Najwidoczniej problem smogu w województwie zszedł na dalszy plan. Świadczyć o tym mogą zmiany w ustawie antysmogowej. Sytuacja jest zupełnie inna niż kiedy uchwalaliśmy te przepisy - tak łódzki urząd marszałkowski argumentuje propozycje zmian w uchwale antysmogowej. Decyzją radnych likwidacja kopciuchów w Łódzkiem zostanie opóźniona o dwa lata. Przeciwko takiemu działaniu protestują aktywiści z Polskiego Alarmu Smogowego.
Radni sejmiku uznali, że używanie pieców bezklasowych będzie zabronione dopiero od stycznia 2025-ego roku.

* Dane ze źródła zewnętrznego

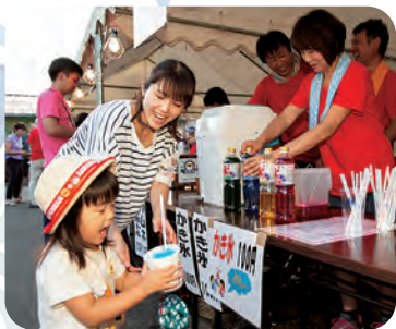
わあ〜! かき氷 冷た〜い!!

- Szkoda, bo mieliśmy jedną z najlepszych uchwał antysmogowych w kraju. Mam tutaj na myśli najbardziej restrykcyjne przepisy, w najlepszy sposób chroniące jakości powietrza. Niestety, po tych zmianach mamy jedną z najgorszych uchwał antysmogowych - mówi Marek Kwiatkowski z Łodzi bez Smogu.
Decyzja ma być spowodowana zmianami na świecie. Według urzędników, dzięki zmianom w uchwale mieszkańcom ma być łatwiej zapewnić ogrzewanie w domostwach.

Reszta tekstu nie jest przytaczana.